I have table with 22 columns and multiple rows.
I want to get a new table that will contain only rows for which the values in the columns V1, V3, V4, V13 appear twice in the table in correlation with each other (these repetitions)
Works in Microsoft SQL Server Management Studio.

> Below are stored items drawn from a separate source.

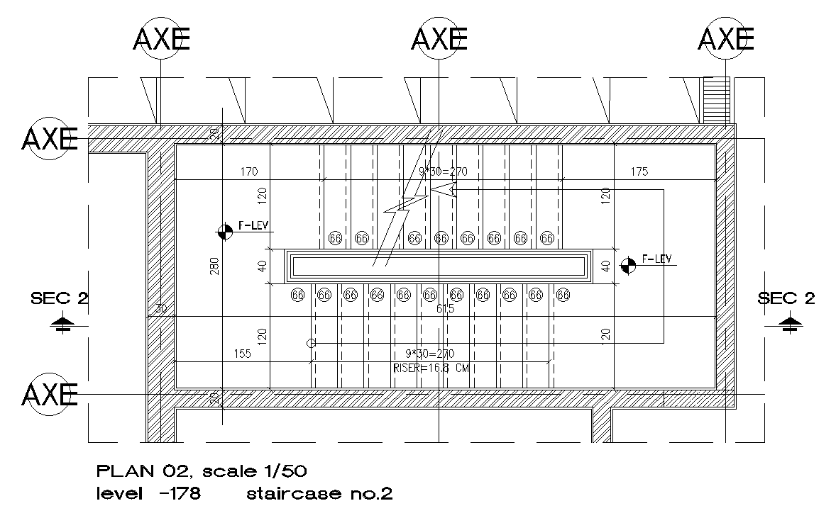 A +178 level of the 600x310cm staircase plan is given in this AutoCAD model. Totally 9 risers are provided. The width of the thread is 300mm. The thickness of the riser is 168mm. For more details download the AutoCAD drawing file. Thank you for downloading the AutoCAD drawing file and other CAD program files from our website.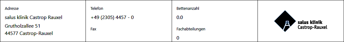 Ein modernes Gebäude und eine entsprechend gute Ausstattung, die einen angenehmen Aufenthalt in der salus Klinik Castrop-Rauxel ermöglichen sollen sowie ein Mitarbeiterstab qualifizierter Fachkräfte, die sich der Problemlagen unserer Rehabilitandinnen und Rehabilitanden kompetent widmen sind gute Gründe eine Behandlung bei uns in Anspruch zu nehmen. Darüber hinaus lässt sich ein Eindruck unserer Arbeit sicher am Besten über unsere Grundhaltung, die im Leitbild zusammengefasst ist und die Beschreibung der konkreten Angebote vermitteln. Unter dem Punkt Indikationen finden Sie Informationen darüber, welches Behandlungsspektrum wir abdecken und auf welche Problemlagen wir uns spezialisiert haben. Sollten Sie sich mit Ihrer persönlichen Lebenslage hier nicht wiederfinden, treten Sie einfach mit uns persönlich in Kontakt, um offene Fragen zu klären. Im Bereich Therapieangebot bieten wir einen Überblick hinsichtlich der verschiedenen Maßnahmen und Therapiemodule, die während der Behandlung in der salus klinik Castrop-Rauxel, abhängig vom individuellen Bedarf, genutzt werden können.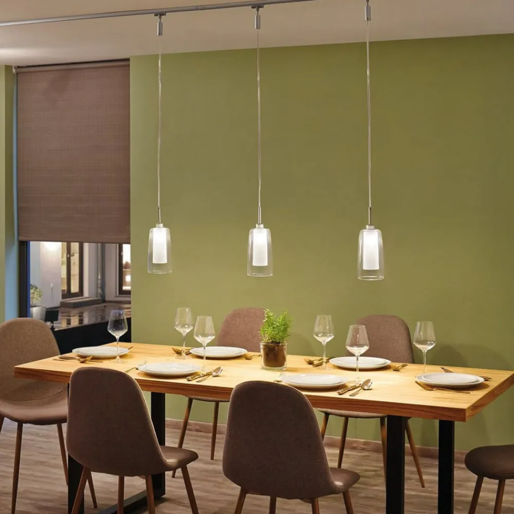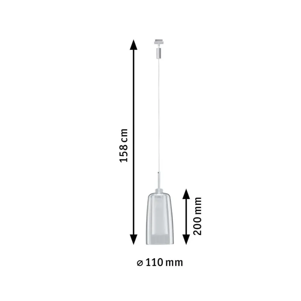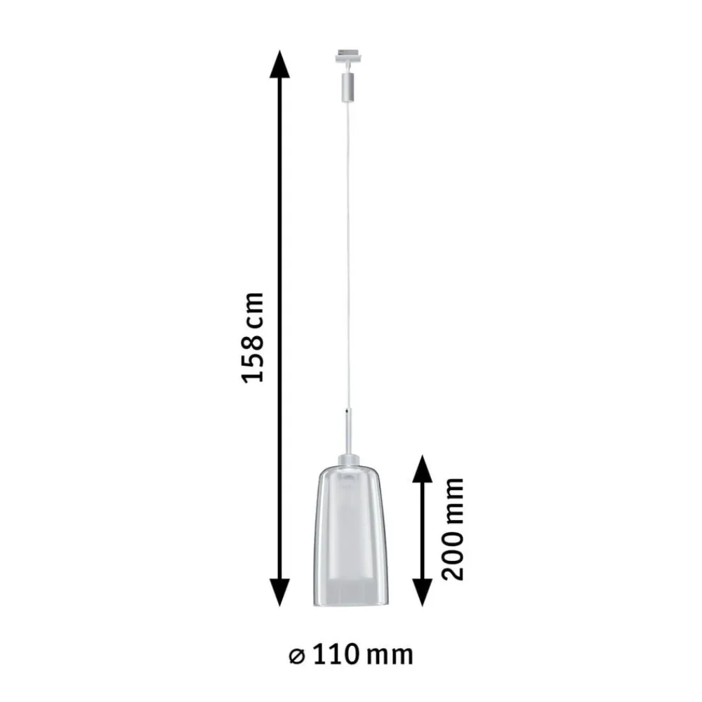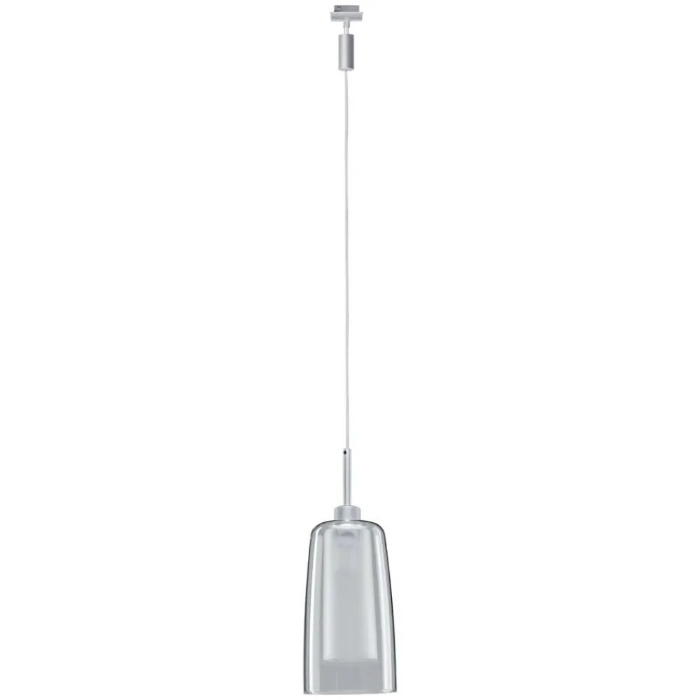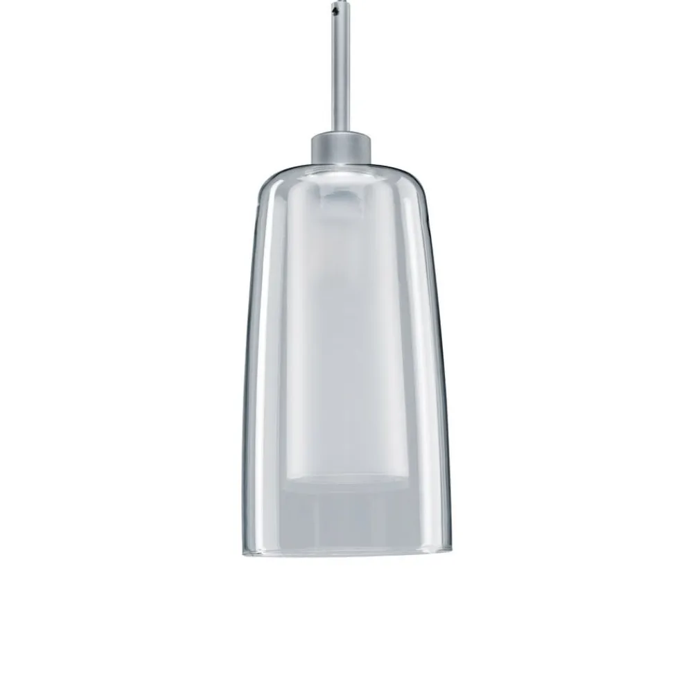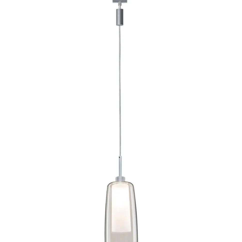U-skinnesystemet kan udstyres med dette pendellysarmatur, f.eks. til belysning af et bord eller en disk. Pendellampens skærm består af to lag: en indre skærm af satineret glas og en større ydre skærm af gennemsigtigt glas.

I've tried something like this
SELECT
V1, V3, V4, V13
FROM
table
GROUP BY
V1, V3, V4, V13
HAVING
(COUNT (*) = 2)
CodePudding user response:
You can do it by first counting how many values you have for each "V1", "V3", "V4", "V13" fields with the COUNT
window function. Then join back with your original table, though keeping those rows which have count bigger than 1.
WITH cte AS (
SELECT <your_table_identifier_field(s)>,
COUNT(*) OVER(PARTITION BY V1, V3, V4, V13) as cnt
FROM table
)
SELECT *
FROM tab
INNER JOIN cte
ON tab.<your_table_identifier_field(s)> = cte.<your_table_identifier_field(s)>
AND cte.cnt > 1
EDIT: What if there's no specific row identifier? You're forced to match all column values then.
WITH cte AS (
SELECT *,
COUNT(*) OVER(PARTITION BY V1, V3, V4, V13) as cnt
FROM table
)
SELECT *
FROM tab
INNER JOIN cte
ON tab.<field1> = cte.<field1>
AND tab.<field2> = cte.<field2>
AND ...
AND cte.cnt > 1
CodePudding user response:
Why over-complicate things? Just take your original query, put it in a CTE and then join the CTE to the original table.
with cte as (
SELECT V1, V3, V4, V13 FROM dbo.table
GROUP BY V1, V3, V4, V13
HAVING COUNT (*) > 1
)
select t1.*
from dbo.table as t1
inner join cte on t1.V1 = cte.V1 and t1.V2 = cte.V2 ...
order by ...
;
I've made some changes to incorporate best practices. Added the schema name (assumed dbo) to your table name, statement terminator, ORDER BY clause (because it usually matters). I changed the HAVING clause since you asked for duplicates which means the count is > 1. Using count = 2 means you are limiting the result to those rows where there are exactly two duplicates. That is a very unusual requirement but change it if needed. Normally I would not use "*" as the column list as it is generally far better to explicitly include the columns you need. I leave that to you as well.
Finally, consider changing your schema to prevent duplicates. That will avoid a lot of future work.